- 作者:Evgeny Krupitsky ; Edwin Zvartau ; Elena Blokhina ; Elena Verbitskaya ; Marina Tsoy ; Valentina Wahlgren ; Andrey Burakov ; Dimitry Masalov ; Tatyana N. Romanova ; Vladimir Palatkin ; Arina Tyurina ; Tatyana Yaroslavtseva ; Rajita Sinha ; Thomas R. Kosten
- 关键词:Naltrexone ; Guanfacine ; Opiate dependence ; Stress ; Clinical trial
- 刊名:Drug and Alcohol Dependence
- 出版年:2013
- 出版时间:1 October, 2013
- 年:2013
- 卷:132
- 期:3
- 页码:674-680
- 全文大小:632 K
Background
Stress is a key precipitant to discontinuing naltrexone and relapsing to opiate abuse. Alpha-2 adrenergic agonists like guanfacine may reduce stress induced craving and have reduced opiate relapse in small clinical trials.Methods
This randomized, double blind double dummy placebo-controlled 6-month trial tested oral naltrexone with or without guanfacine for reducing stress and preventing opiate relapse.

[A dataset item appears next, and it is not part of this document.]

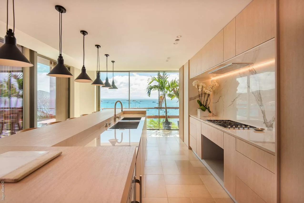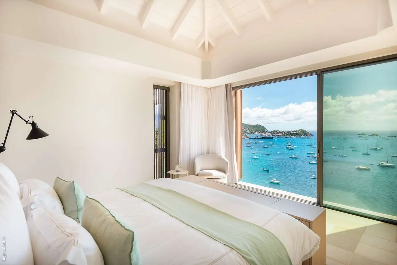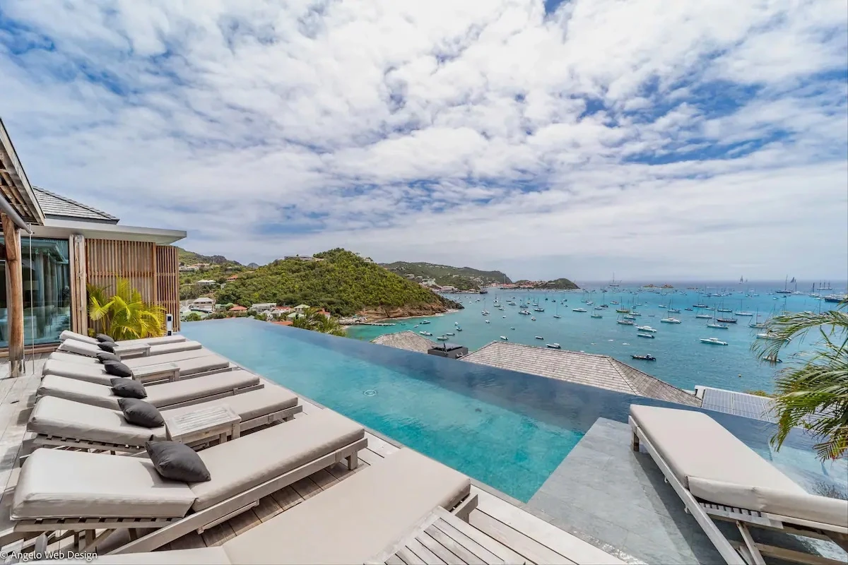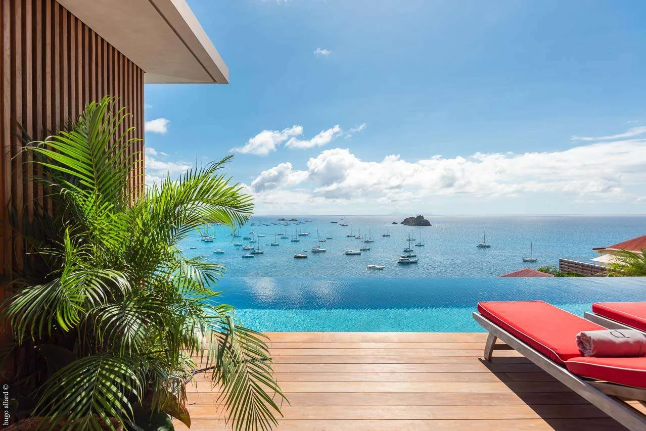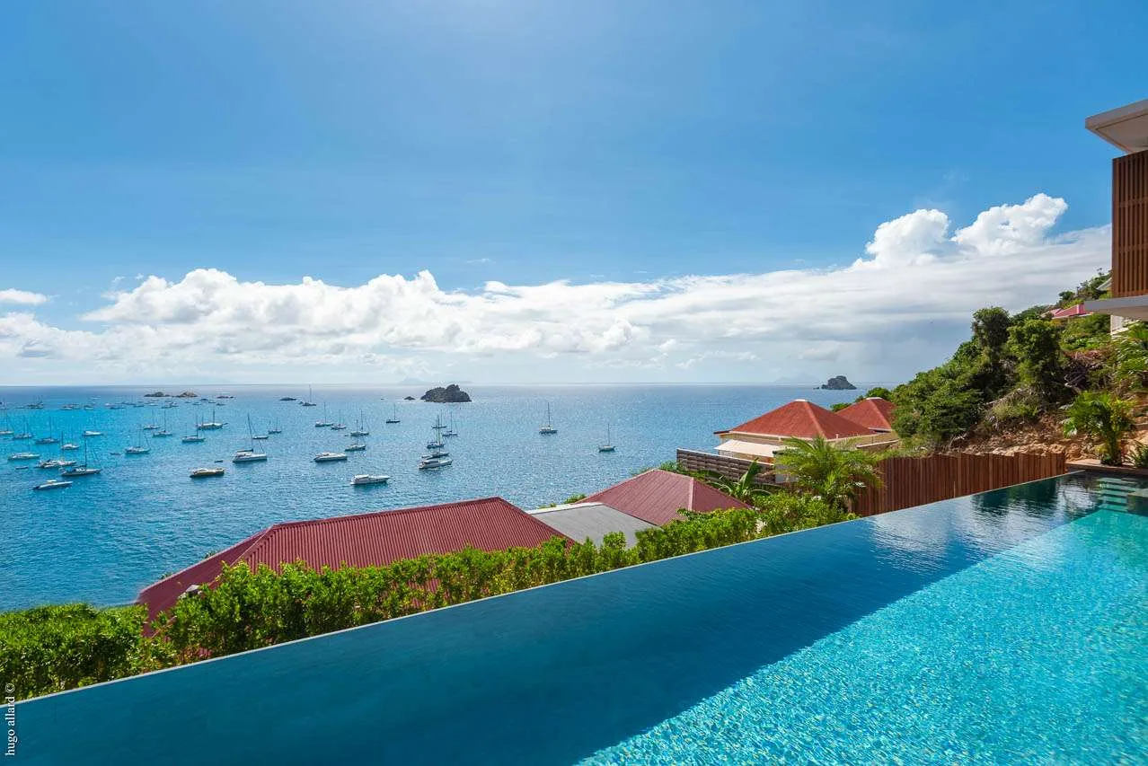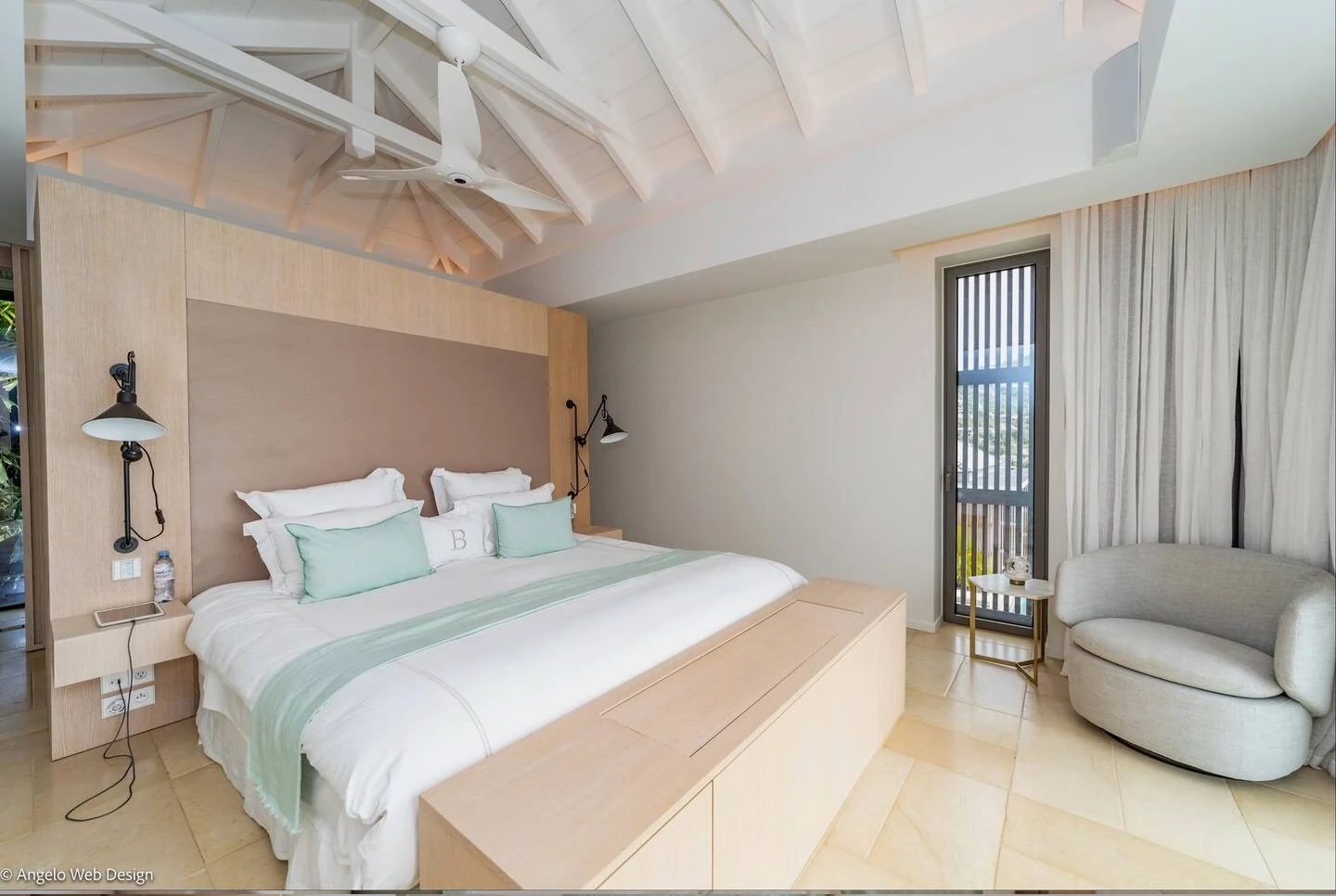 The beautiful vacation rental Biana, located in Corossol, is a superb new home in front of the ocean, in the center of tropical flora, making it an idyllic place for a perfect stay in St-Barths. The holiday home Bianca was built on various floors in a modern architecture with open and bright living spaces facing the panoramic view of Corossol Bay. It boasts an air-conditioned living room in neutral bright tones that is nicely equipped with huge sofas and several white and beige pillows, making it the ideal setting for delightful movie nights. The outdoor dining room, located beneath the covered terrace, can seat up to eight guests around a magnificent wooden table for dining al fresco, and adjoins a nice outdoor lounge area. The vast cream-toned kitchen in another building is perfectly equipped to prepare meals or to hire a private chef. It has a bar with six chairs topped with modern hanging lighting, which is a nice spot for talking and relaxing while watching the waves. There is also an outdoor grill.

We randomized 301 patients to: naltrexone 50 mg/day + guanfacine 1 mg/day (n = 75) (N/G), naltrexone + guanfacine placebo (N/P) (n = 76), naltrexone placebo + guanfacine (n = 75) (P/G), and double placebo (n = 75) (P/P).
Results
Among the 75 patients in each group the percentage still retained on naltrexone treatment at six months was: N/G 26.7 % , N/P 19.7 % (p = 0.258 to N/G), P/G 6.7 % (p < 0.05 to both N groups), and P/P 10.7 % (p = 0.013 to N + G). Guanfacine reduced the severity of stress particularly at weeks 10 and 18. Adverse events (AE) were infrequent (4.7 % ) without group differences, with most common AEs: headache, poor appetite, insomnia, and dizziness.
Conclusions
Adding guanfacine to naltrexone did not improve treatment retention or opiate free urines, but it reduced both stress and craving at later time points in treatment, which may be related to stress-induced craving and the animal model of incubation of reinstatement. During treatment, HIV risk, anxiety, and depression reduced among all patients in treatment, regardless of group.